Several responses were offered up for the desperate mother. I offered up my own response to address a portion of her question, “How do you go about getting the media involved?”

  1. Write a concise article, detailing the facts.
  2. Have a trusted well-educated friend or acquaintance proof read it for grammar & spelling.
  3. Write a press release – paying attention to length.
  4. Write a brief introduction and collect names, email addresses and phone numbers of media people. Be sure to check for recent articles on the topic and contact a reporter who is interested in these type of “human interest” type stories.
  5. Then just keep at it. Once you have good copy and a good list, it’s simply a matter of numbers.
  6. Then post your story to your own blog at my.kidjacked.com and share your blog with the world. I’m happy to feature any well-written blog on Kidjacked home page and the news sections.
  7. You can’t skip any of these steps if you wish to have the best chances of success. We have resources within the CPS reform community, to help make your story a headline but we must be smart about it.

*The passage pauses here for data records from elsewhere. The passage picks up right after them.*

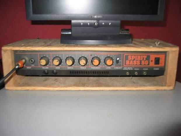 Un rápido PS para las reductoras: el amplificador que tenía disponible y ha funcionado muy bien, es el valor de un espíritu de Roland bajo 50 desde mediados de los 90 o así en un mueble crudo hice sólo para mantenerlo. Aunque yo pude han utilizado el amplificador de práctica de bebé en la papelera, pero tener la cabeza de amplificador separada permite obviamente para un mejor control, y el amplificador Roland suena muy bien, con un sonido completo y potente que funciona muy bien con efectos de alimentarla.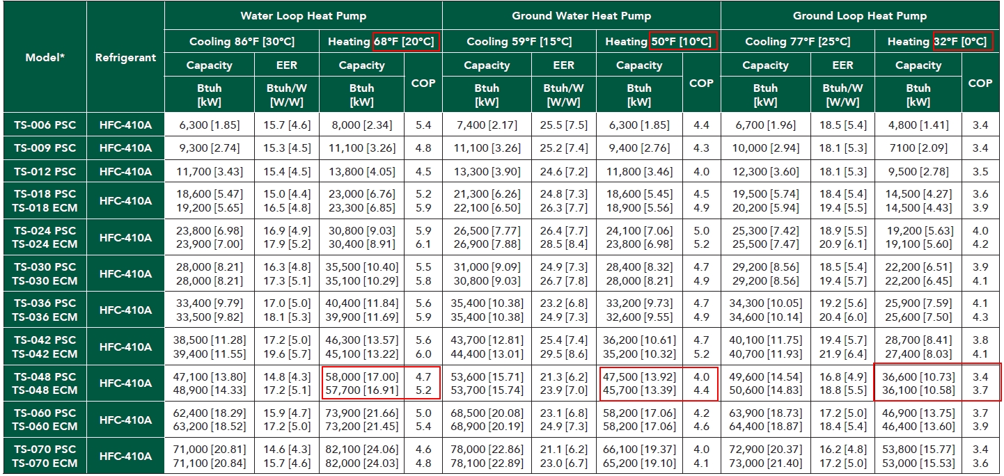 In this graphic, notice how you have Water Loop Heat pump, Ground Water Heat pump and Ground Loop Heat pump? Well if you look at the COP's, there is a big difference while comparing. The reason is simple: The EWT (Entering water temperatures) are higher in some categories which means that its energy source is different. Ground loop Heat pumps are for closed loop vertical and horizontal applications. Ground Water Heat pump category is for Open loop systems and Water loop heat pump is mostly for pond applications where it is rarely seen in the industry. What you will also notice is each model # has PSC or ECM attached to them. This refers to the type of blower fan motor in the system. ECM is most common and more efficient. In Step # 2, we determined the heat loss (33,600 btu/hr) and chose a Closed loop vertical system therefore we look at the ground loop heat pump column and find a COP of 3.7 for the TS-048 ECM model. Make sure you are comparing the right configuration as you would be surprised to find that some Geothermal installers do not fully understand how to read these charts and make the mistake of taking the brochure efficiency indicated which would most likely be the highest one they can achieve and in this case (5.2 COP).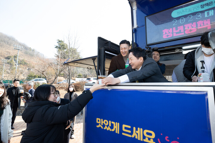 | ▲원희룡 국토교통부 장관이 6일 오전 단국대학교 죽전캠퍼스를 방문해 커피 트럭에서 '청년정책공모전'을 홍보하는 모습. 사진=국토부 제공 |
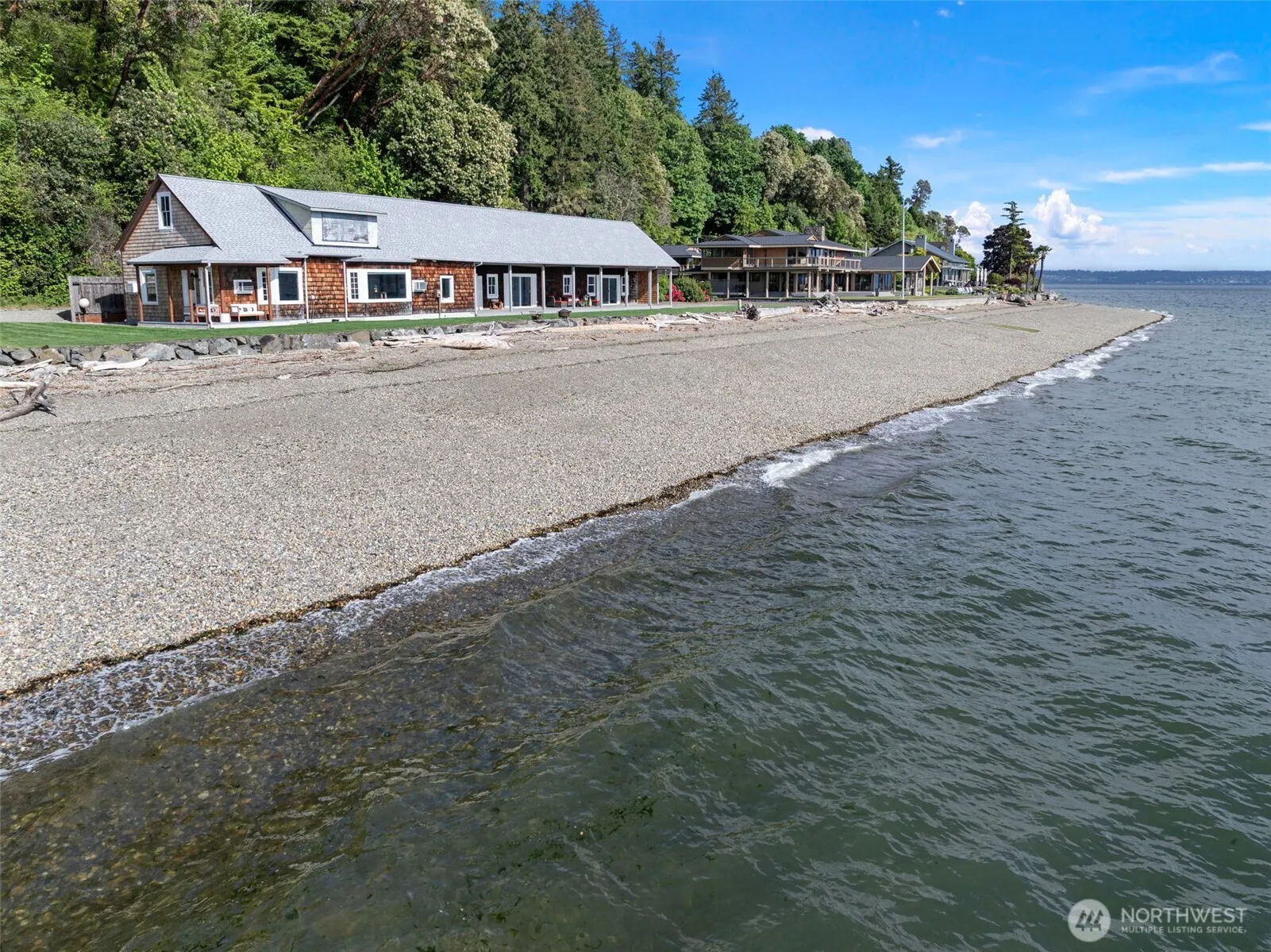 Private Beach Getaway on the Coveted West Shore of Fox Island. This is truly a one-of-a-kind property & is ready now for summer fun! Great for multi-gen enjoyment. Features 239’ of no-bank waterfront, 70 ft long covered porch, a 180° view of the Sound from Steilacoom to the Olympics, generous main living area, private bedroom suites, & an artist studio…all with magnificent views! The property has a unique and colorful history too. Built as a boarding house at the turn of the last century, the “Long House” is a magical place to escape with your favorite people. Enjoy happy hour on the porch, waterski from your front yard, kayak at sunset, build a bonfire under the stars. Beach House Rules: Relax. Relax. Relax. Free cold plunging included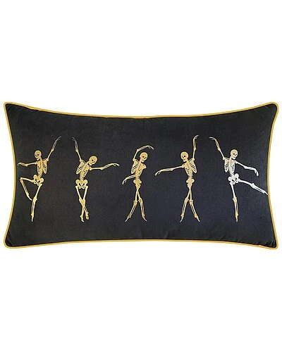 - Design details: the halloween collection by edie@home is a stylish way to make your home festive during the holidays with chic prints and designs in cozy fabric. the dancing skeleton throw pillow features a hilarious dancing skeleton ballet troupe in gold over rich black velvet. each lumbar pillow measures 14 in. x 26 in. 100% polyester. convenient zipper closure.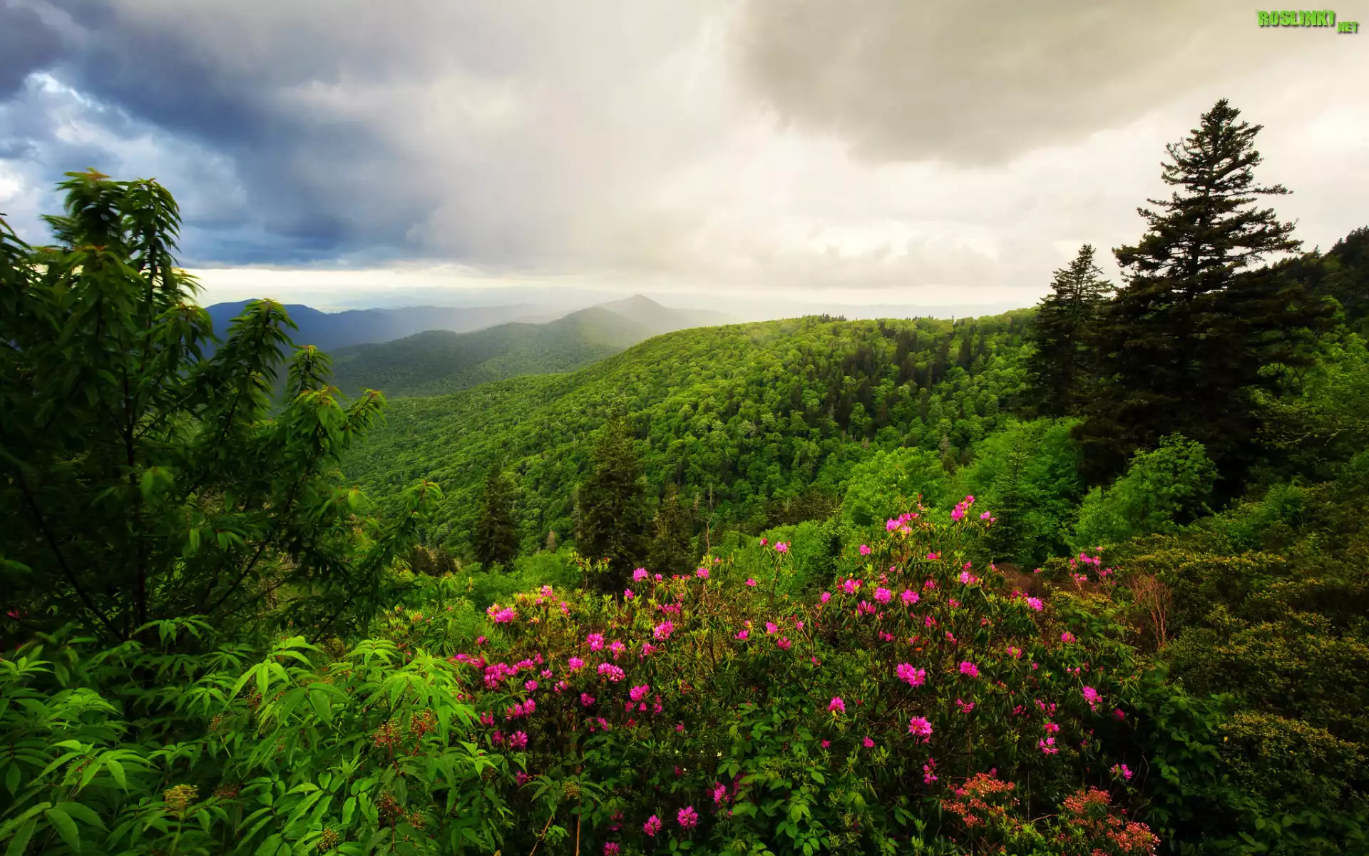 Las, Drzewa, Chmury, Góry, Appalachy, Kwiaty, Krzewy, Rododendrony, Karolina Północna, Stany Zjednoczone |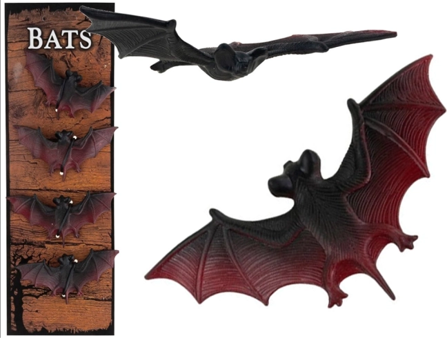 Schaffen Sie im Handumdrehen eine gruselige Halloween-Atmosphäre! Dieses Set aus 4 realistischen Fledermäusen aus strapazierfähigem Kunststoff/Gummi ist ideal zur Dekoration von Haus, Garten und Partys. Hängen Sie sie einfach an einen Ast, in ein Spinnennetz oder auf ein Regal und erhalten Sie effektvolle Dekorationen mit markanten schwarz‑roten Flügeln.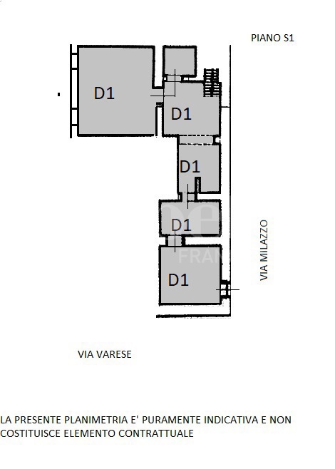L'immobile, ubicato in via Varese, gode di un'ottima posizione ad angolo con via Milazzo e di 3 accessi su strada e 2 vetrine.

The system only works as well as it does by making us feel isolated and alone. The powers that be (CPS, Family Court, etc…) like to keep us fighting an uphill battle for as long as they can. Some people get angry and refuse to cooperate, often only making matters worse for themselves and their children. Once you begin to recover your strength (after their one-two punch) and begin to work your case, you should begin to look for support.

United we stand, divided we fall. We can’t stand alone, we must have a strong support community and that is exactly what we need to build.